I know exactly where you’re coming from. In my youth I was 6-3 1/2 and about 255 - ripped to ribbons. Huge hands, huge feet - no huge meat (6.5 x 5.2). I got the same reactions from women - they’d look at my body size & muscles, my big hands & feet and would say things like, “Mmmmmmmm, I bet you have quite a treat for the women!” etc., etc.

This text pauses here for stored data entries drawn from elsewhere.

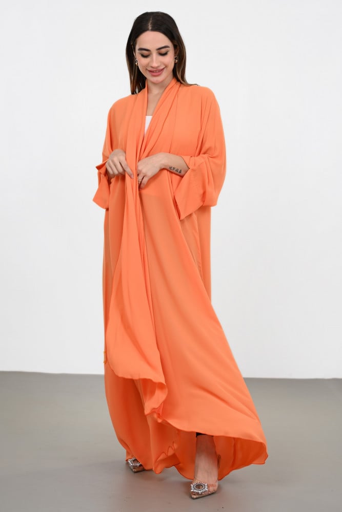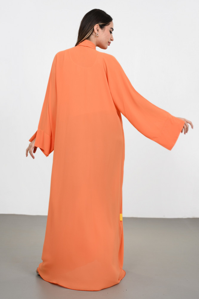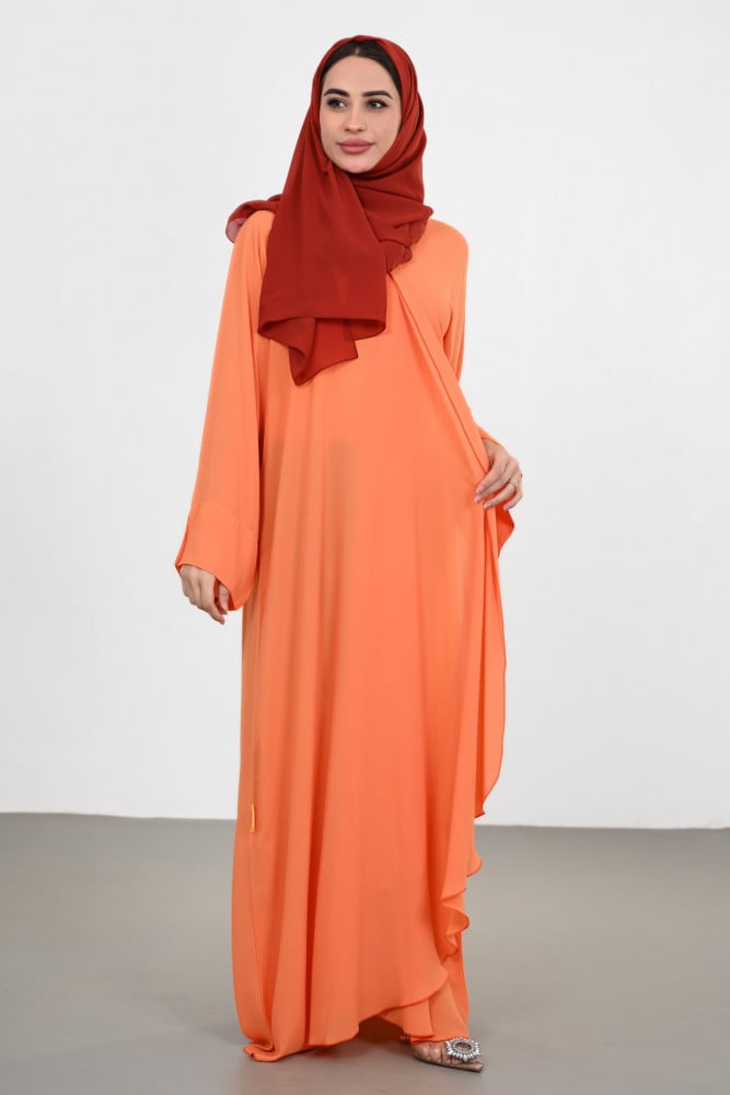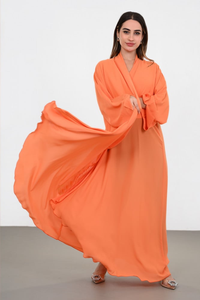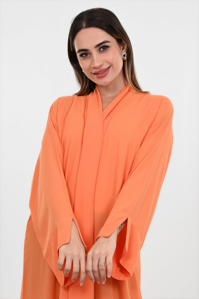 • وصف الموديل; عباية بطرحة لف مصنوعة من قماش الحرير
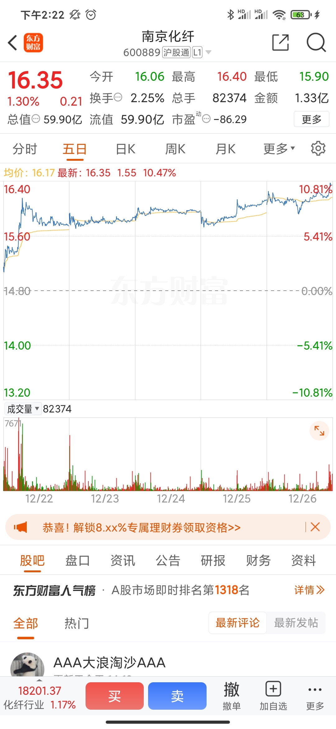 温馨提示: 1.根据《证券法》规定,禁止编造、传播虚假信息或者误导性信息,扰乱证券市场;2.用户在本社区发表的所有资料、言论等仅代表个人观点,与本网站立场无关,不对您构成任何投资建议。用户应基于自己的独立判断,自行决定证券投资并承担相应风险。《东方财富社区管理规定》
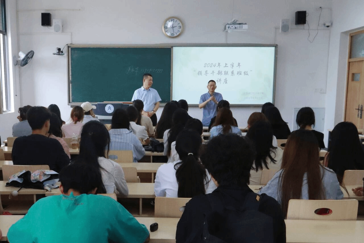 为了加强领导干部与班级之间的沟通交流,了解学生的学习生活情况,同时为学生提供职业规划、心理健康等方面的指导,我院于6月14日下午2点30分在明德楼B区114教室开展主题教育学习专题讲座,此次讲座由我校纪委副书记、纪委纪检监察室主任严杜华主讲,我院2023级7班全体同学共同参与。
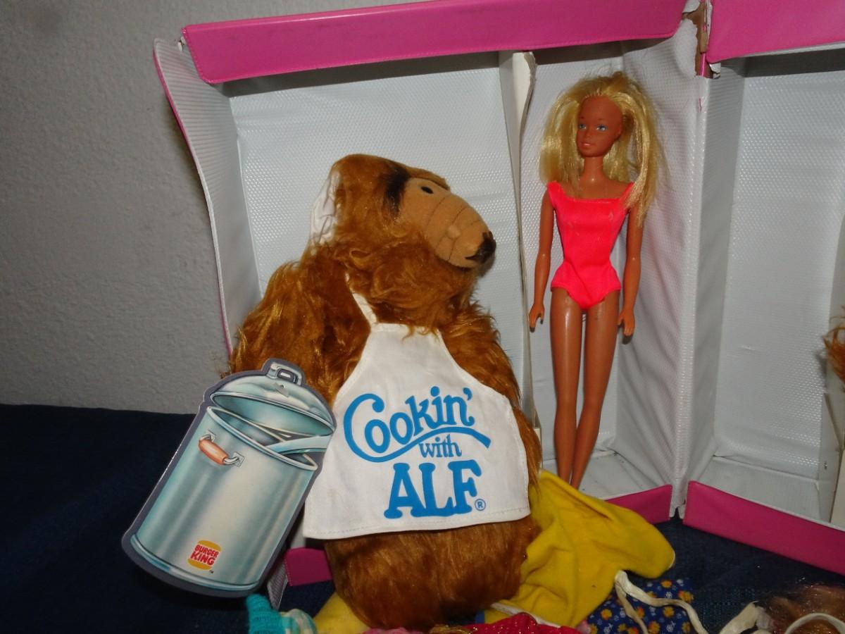 LOT 152. BARBIE  WITH CARRYING CASE AND ALF HAND PUPPETS

I’d just think, “Oh shit.” :(
After coming here, I realized that a lot of guys would like to be 6.5 x 5.2 (especially pre-PE), but my dick looked like a french fry in my hand. To be honest, I liked the pussy (loved it, actually), and I had my fair share - but I could never quite shake the complex. And I clearly avoided the obvious “Size Queens.” But I could never shake the idea that many women suspected I’d be 8.5 - 9.5” or so, making my 6.5” seem hopelessly inadequate (despite the clearly good sex I’d enjoy - but that’s where our self-perception/body image distortion comes into play, psychologically).
I’m now 7.5 x 6+, but I’m still not happy (could be in part because I’m fat now, so I know I don’t have the body I used to - not by a long shot).
I think that 8.5” mild BP, would make me feel more comfortable.
Oooohhhh, but another inch, Horatio, another freakin’ inch.